Work required :: As you print the data below, keep every line exactly as it is and leave the images behind.

Dataset section ::
---*---

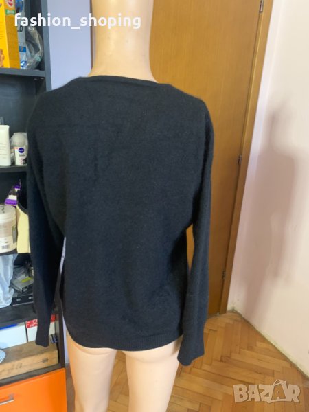 Класически черен пуловер с V-образно деколте от серията "кашмир" на бранда C&A. Изработен от най-меката, пухкава, естествена материя за студените дни-кашмир. Универсален цвят и кройка, на практика съчетаем с всичко. Мекотата му и липсата на недостатъка на вълнените тъкани-боцкнето го прави подходящ за носене и директно върху тялото.
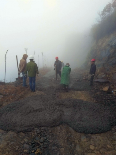 在取得這些成績的背后,付出的艱辛可想而知。每場大雨過后,項目部就組織人員去搶修道路,連續(xù)大雨的沖刷,道路邊坡一次次的沖垮,山崖上的松土、石塊時不時的出現(xiàn)滑落、塌方,施工單位不惜成本,投入大量人力物力進行搶修道路,保證運輸和施工的正常通行。材料進場也面臨巨大的挑戰(zhàn),項目部想辦法用裝載機拖拉硬拽,進行材料的二次倒運,使得材料及時進場。材料一到場,工人們就冒著細雨綁扎鋼筋,敷設(shè)電纜,似螞蟻搬家堅持不懈,一點點地推進工期。雖然遠遠沒有達到預(yù)期的目標和任務(wù),但是項目部積極地工作態(tài)度和種種努力,得到業(yè)主和監(jiān)理一致認可。
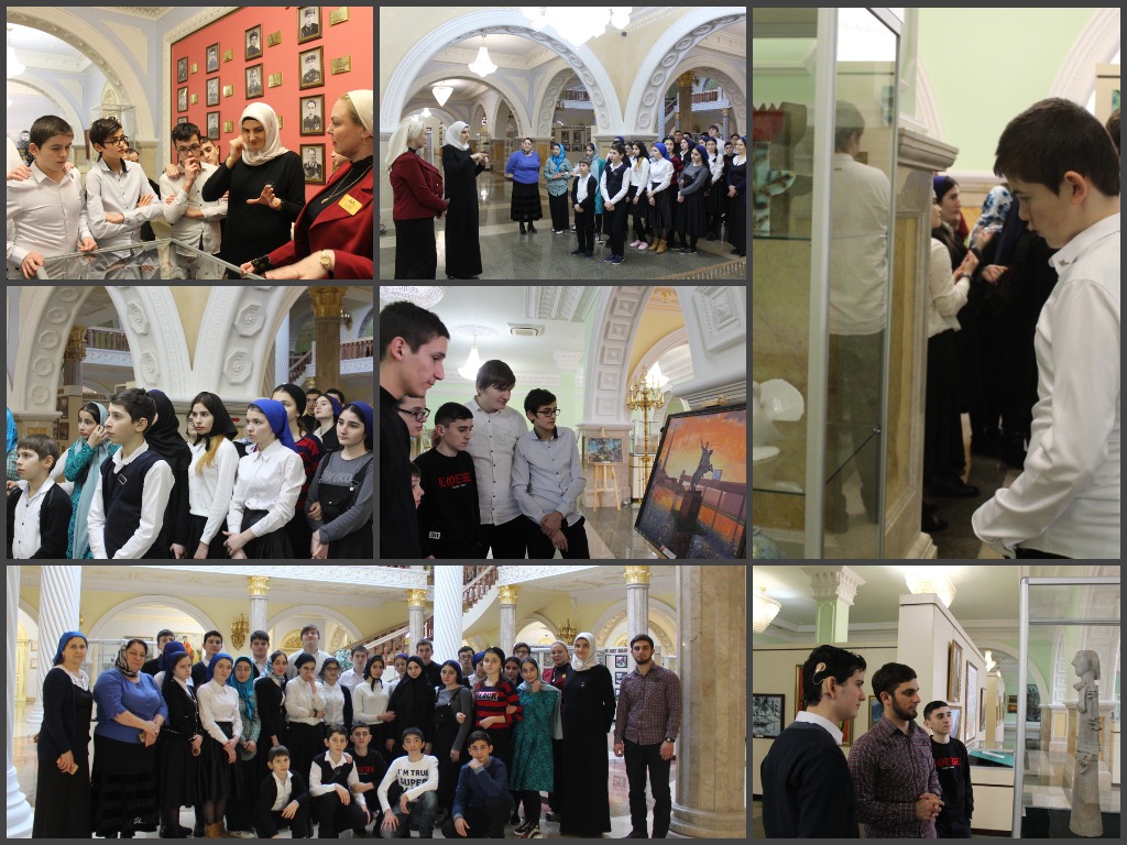 Второй уровень уникального здания занимает картинная галерея. Здесь ребята увидели работы разных мастеров.Тут собрано более 500 работ известных художников России, подаренных авторами республике. Среди них и произведения чеченских художников. К примеру, Саид Бицираев, проживающий в Санкт-Петербурге, подарил музею 13 лучших картин.

---*---

Written reply ::
 Класически черен пуловер с V-образно деколте от серията "кашмир" на бранда C&A. Изработен от най-меката, пухкава, естествена материя за студените дни-кашмир. Универсален цвят и кройка, на практика съчетаем с всичко. Мекотата му и липсата на недостатъка на вълнените тъкани-боцкнето го прави подходящ за носене и директно върху тялото.
 在取得這些成績的背后,付出的艱辛可想而知。每場大雨過后,項目部就組織人員去搶修道路,連續(xù)大雨的沖刷,道路邊坡一次次的沖垮,山崖上的松土、石塊時不時的出現(xiàn)滑落、塌方,施工單位不惜成本,投入大量人力物力進行搶修道路,保證運輸和施工的正常通行。材料進場也面臨巨大的挑戰(zhàn),項目部想辦法用裝載機拖拉硬拽,進行材料的二次倒運,使得材料及時進場。材料一到場,工人們就冒著細雨綁扎鋼筋,敷設(shè)電纜,似螞蟻搬家堅持不懈,一點點地推進工期。雖然遠遠沒有達到預(yù)期的目標和任務(wù),但是項目部積極地工作態(tài)度和種種努力,得到業(yè)主和監(jiān)理一致認可。
 Второй уровень уникального здания занимает картинная галерея. Здесь ребята увидели работы разных мастеров.Тут собрано более 500 работ известных художников России, подаренных авторами республике. Среди них и произведения чеченских художников. К примеру, Саид Бицираев, проживающий в Санкт-Петербурге, подарил музею 13 лучших картин.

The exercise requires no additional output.